Handel’s Semele is neither an oratorio nor an opera, but a mixture of the two; sometimes referred to as a ‘pastoral’. Described by biographer Herbert Weinstock in 1959 as an, "actionless opera." the work was first performed as a ‘concert version’ (like an oratorio) at Covent Garden, London in 1744 and first produced as a ‘staged presentation’ (like an opera) in Cambridge in 1925.

Handel’s disenchantment with Italian opera in the late 1730s and early 1740s has been well documented and Semele is the fruit of Handel’s experimentation with dramatic works set in the ‘oratorio way’ that were not staged and which used the English language. The libretto for Semele was thirty-seven years old written by William Congreve who had utilised various sources including the Old Testament, Greek mythology and English poetry. Congreve took his plot from the poet Ovid’s book of Metamorphoses and called it The Story of Semele. There is some doubt who arranged Congreve’s libretto which was augmented with lines from Alexander Pope and the Reverend Pratt.

Antony Walker directs the Sirius Ensemble and the Cantillation choir to great effect. The impressive Sirius Ensemble, using period instruments and authentically sized forces, play enthusiastically and are most convincing. I particularly liked Walker’s expertly judged pace which is so important in a Handel performance and the smooth timbre of the Sirius Ensemble’s strings was most impressive. The seventeen strong Cantillation choir are outstanding and a real joy to hear. They are particularly bright and eager in the Chorus of the Priests : "Lucky omens bless our rites" (CD1, track 3) and suitably menacing in "Avert these omens all ye pow’rs!" (CD1, track 9).
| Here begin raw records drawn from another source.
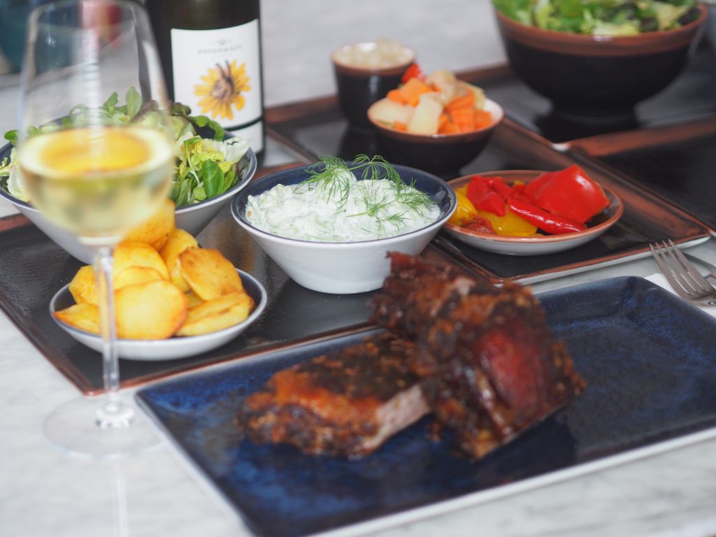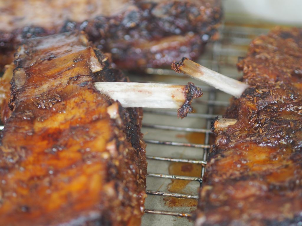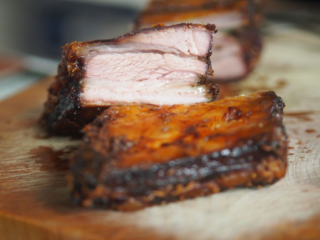 Das Schweinsbrüstl ist von der Partie, dort wo das Schwein genug Fleisch auf den Rippen hat. Wir haben das Schweinsbrüstl mariniert und bei 60° im Backrohr auf einem Backblech 22 Stunden einwirken lassen. Dann wurde das Backrohr auf 80° hochgedreht und das Schweinsbrüstl auf einen Rost umgebettet. Der Test bestand nun darin, zu sehen wie lange es dauert, bis man die Knochen mit den Fingern herausziehen kann und ob auch kein Saft heraustritt: unter dem Rost wurde ein Auffangblech mit Backpapier geschoben, dort würde jeder fallende Tropfen sichtbar werden.
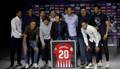Miembros del ‘staff’ técnico, familiares y amigos también cotribuyeron a llenar prácticamente las cuatro primeras filas del auditorio del Metropolitano que este jueves acogió el ‘hasta luego’ de Juanfran Torres del Atlético de Madrid.
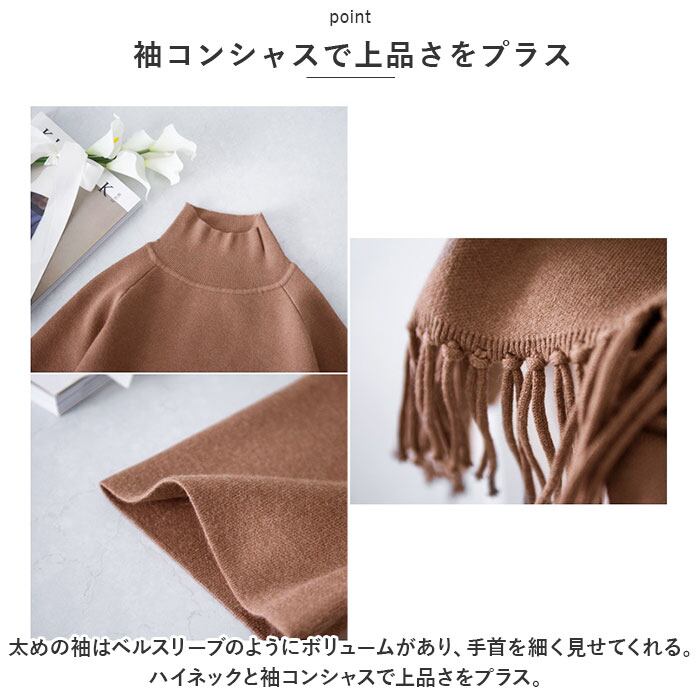 ・太めの袖はベルスリーブのようにボリュームがあり、手首を細く見せてくれる。ハイネックと袖コンシャスで上品さをプラス。
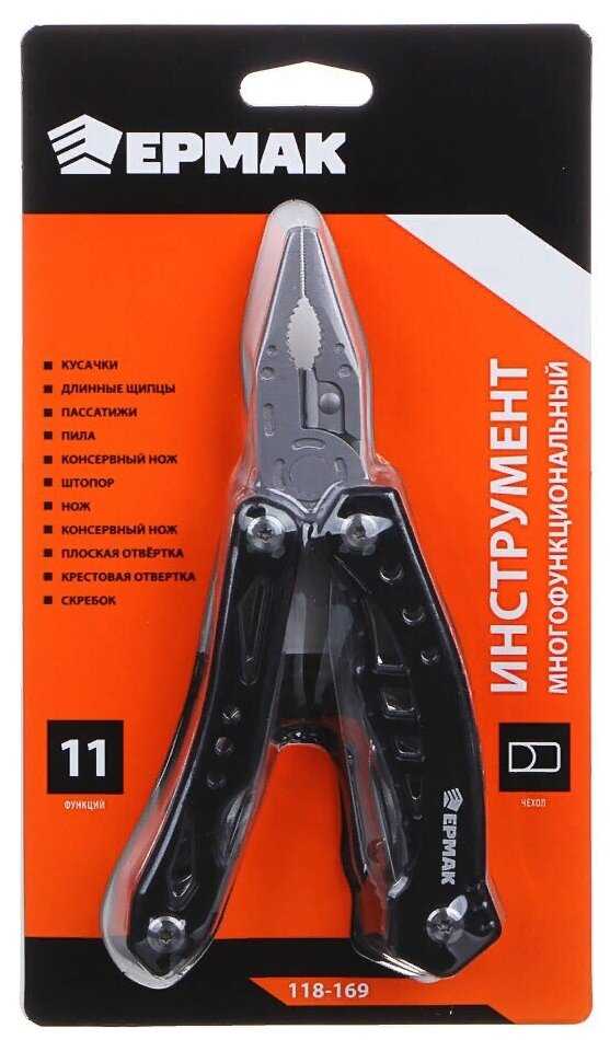 7.1/10 балловЕРМАК Многофункциональный инструмент ермак, 11 функций, нержавеющая сталь / Мультитул универсальный 118-169 / Нож складной, пассатижи, отвертка
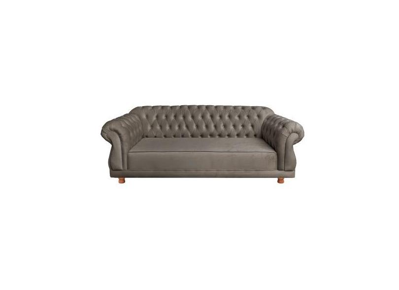 Sofá Chesterfield Capitone Elisabeth Suede Cinza Chumbo 2,00cm - Novo
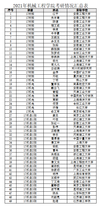 2021年机械工程学院考研情况汇总表
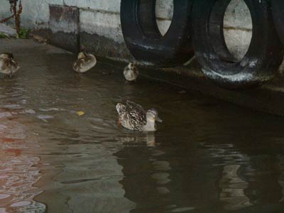 Twisted Seagull under a bridge to a floating dock, hopefully out
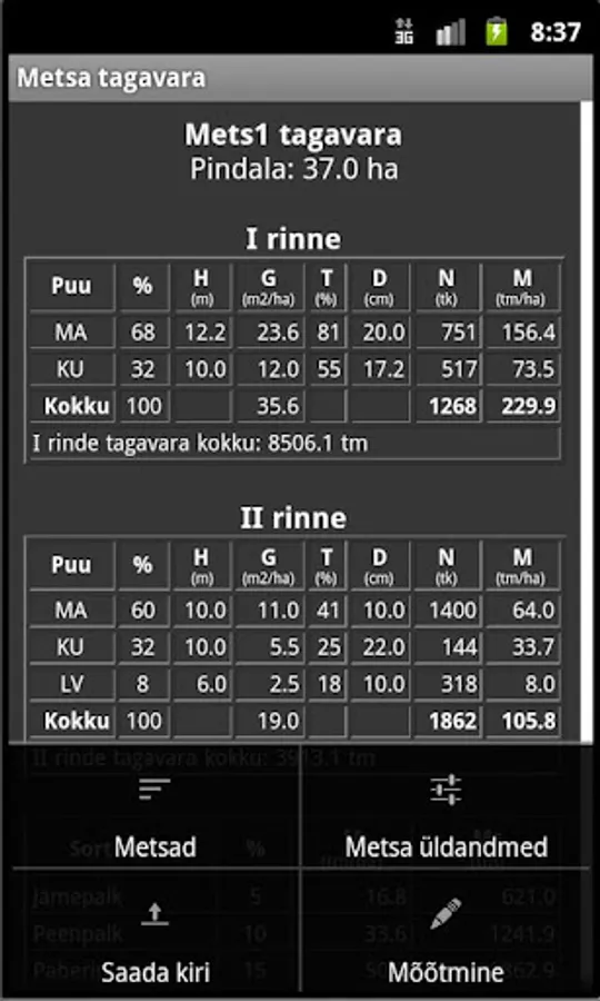* metsa tagavara puuliikide lõikes mõõdetavas puistus

The solo singing on this release is enthusiastic and expressive but in the main the soloists are the weak link. They could never be described as outstanding when compared to the many eminent Handel specialists that they are competing with on the international stage; such as Bowman, Daniels, Scholl, Jacobs, Chance, Blaze, Kirkby, Dawson, Argenta, Bott, Jones, Gens, Daneman, Genaux, Kozena et al.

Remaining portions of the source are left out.